Fundamental to my liberalism is powerful citizens, power being as close to people as possible and preferably helped by themselves, so they can lead their life as they want to lead it.
It also involves power being de-centralised from the centre. I strongly advocate devolving power across our country to Scotland, to Wales, but also to our counties around the country, so that they can control their own destiny.
If we had a sort of written constitution, which of course, is what the American Supreme Court bases its decisions on, then there can be universal rights.
We don’t have that; we have a messy, unwritten constitution, which makes things much more complicated.
I strongly support those who are campaigning for change in Northern Ireland and it’s wonderful to see there was a march there, gathering a lot of people together.
I’m very attracted by the idea of some sort of basic fundamental rights that should apply across the whole UK. I’m uncomfortable with discrimination being allowed in one part of the UK, but not in another.
Although there are conflicting principles here – if we’d had a recent constitution, we would surely have put within it the principle that everyone is treated equally.
Of course, we have the European Convention on Human Rights, so people in Northern Ireland will take their case to the European Court. Would you support people taking a case like that?
Absolutely.
On that, the government’s been having very, very messy arguments in terms of the re-negotiation and of the British Bill of Rights. What’s your view about the importance of the European Convention? Specifically for LGBT rights, many advances that happened under the Labour government years were as a result of judgements in the European Court.
I support the retention of the Human Rights Act, The great irony is that Tories who want to get rid of it, some of them just want to get rid of it completely, and some of them want a situation where you actually end up relying more on the European institution.
We’ve given people power to exercise their rights and to enforce their rights in British courts, which surely should be something the Tory Right supports.
I don’t really understand where they’re at with this.
How on Earth can we maintain our moral authority in challenging Putin, for example, on him crushing the rights of gay and lesbian people in Russia, to live their lives as they wish to, if we have, along the way, abandoned our own Human Rights Act?

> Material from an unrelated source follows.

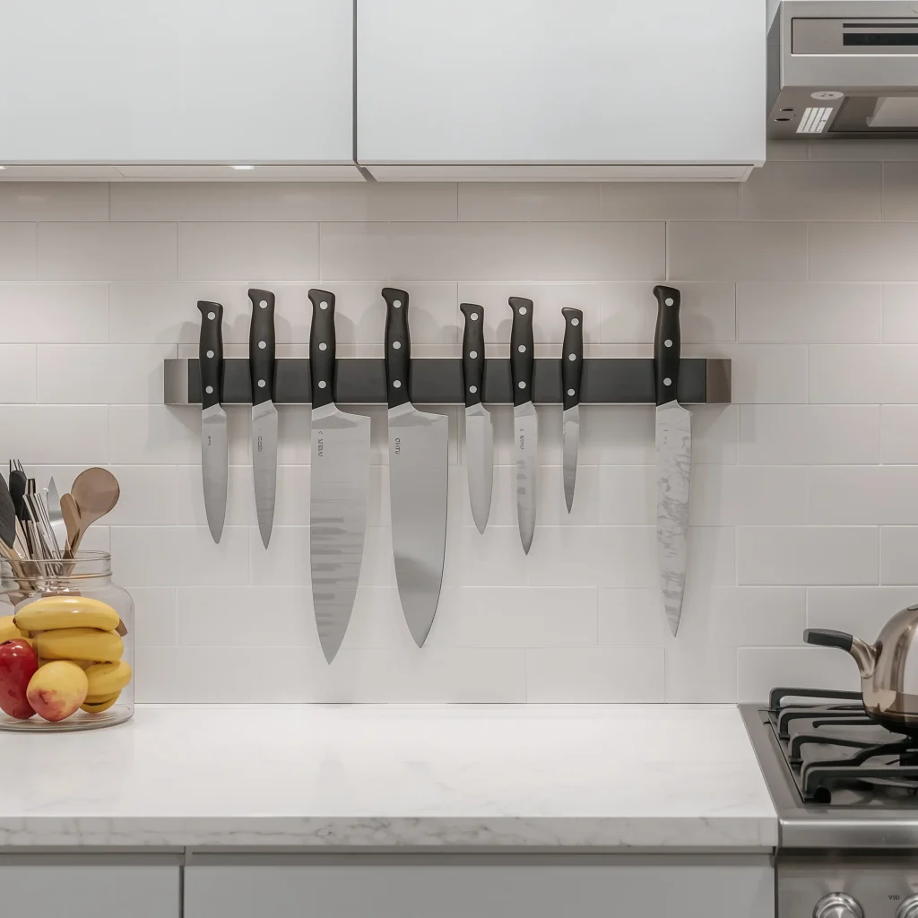 Forget that bulky knife block eating up counter space. A magnetic knife strip mounted on your wall looks sleek, saves space, and actually keeps your knives sharper since they’re not banging around in a drawer.

It would be an extraordinary act of folly.
In the past, Nick Clegg and William Hague have pushed for the rainbow flag to fly over all government departments for pride, but that might not on as wide a scale this year. We also have the situation with embassies, where Mr Hague previously allowed discretion to fly it, which the new foreign secretary hasn’t allowed.
I don’t agree with the foreign secretary and his attitude. I think it would be great for the UK to be seen by leading the way by proudly expressing our solidarity.

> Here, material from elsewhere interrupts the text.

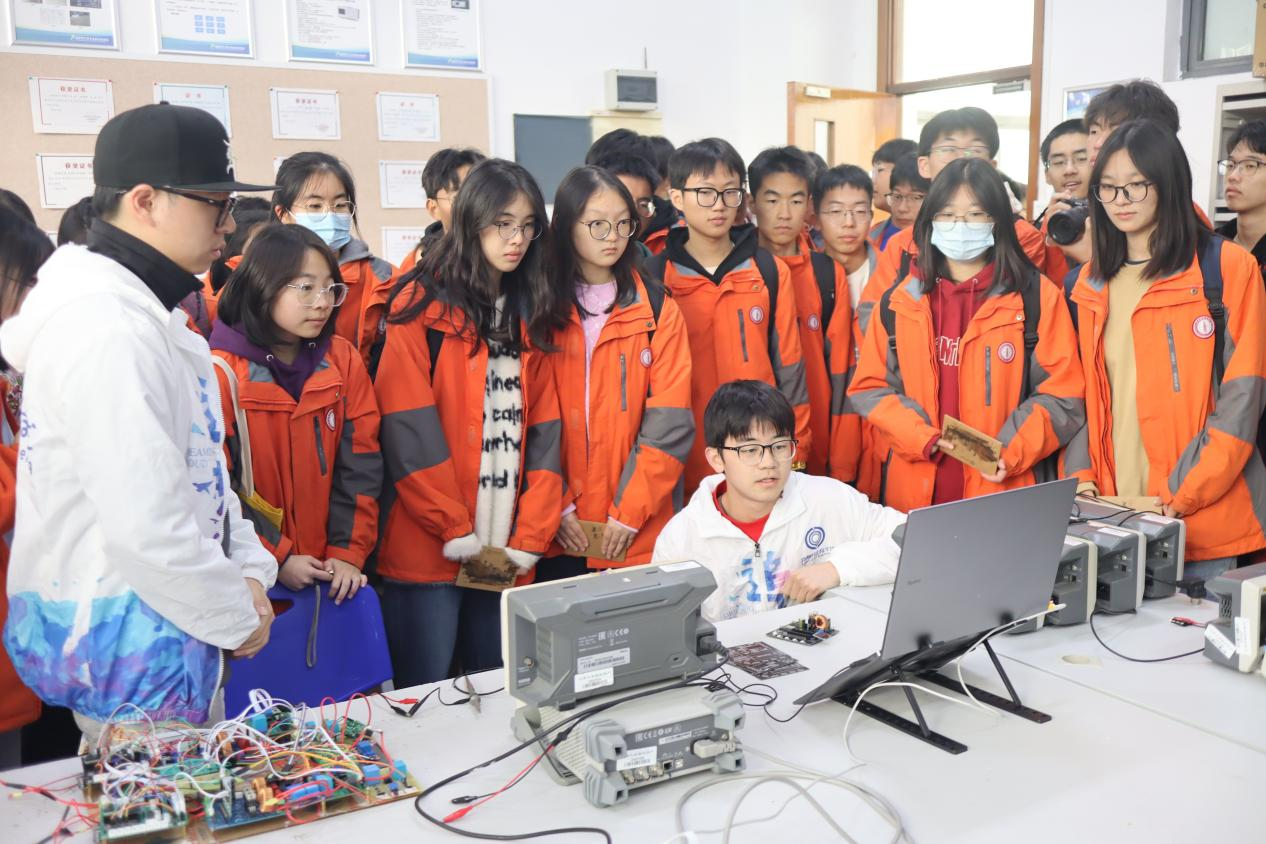 的秀美景色吸引了众多同学驻足停留,激起同学们对大学生活的憧憬和向往。在电子设计俱乐部,同学们依托讲解员的讲解和自身基础知识储备,认真了解面前数种功能电路的原理和组成,工程思维也在理论与实际的交汇中不断完善;在智能车俱乐部,同学们时而认真揣摩两轮车、独轮车等科创作品的工作原理,时而惊喜于作品实现的自主运行、自动避障等奇妙功能,他们不仅像海绵一样汲取知识,更能围绕其中的科学原理踊跃发言。科普研学基地为同学们提供了有趣的大疆智能车和飞行器的操作互动体验,物联网创新应用俱乐部的智慧河道项目更是帮助同学们树立了为人民谋福祉的科研初心。

It’s a good expression of solidarity and it’s government leading the argument. It’s setting the principle that here’s a group of people in our society who absolutely should be treated equally and here is government, expressing solidarity towards these people.
Finally, a hard-hitting question… you have been backed by Dappy from N-Dubz! How on earth did that happen?
Absolutely, I’m proud of it!
Our son Archie works with Dappy – he’s his manager basically, and I knew nothing about this. Some people might assume this is some great conspiracy and that I fixed this in some way. I knew nothing about it!
I was coming out of a funeral, and I saw on my phone a message from our son, Archie, saying, ‘Dad, Dappy’s endorsed you! You need to respond, retweet it please now!’
Can you name a song by N-Dubz?
They did a song jointly with the artist that Archie and a friend broke, Tinchy Stryder. They left school at 17 when they were halfway through their A-levels to set up a record label, signed Tinchy Stryder, and, two years later, he had two number one hits… one of which is called, ‘Number 1,’ which is done jointly with Dappy.
I’m impressed! I’m not sure many MPs could answer that…
Editorial note: This interview was conducted before allegations of ‘push polling’ were levied against Mr Lamb’s campaign.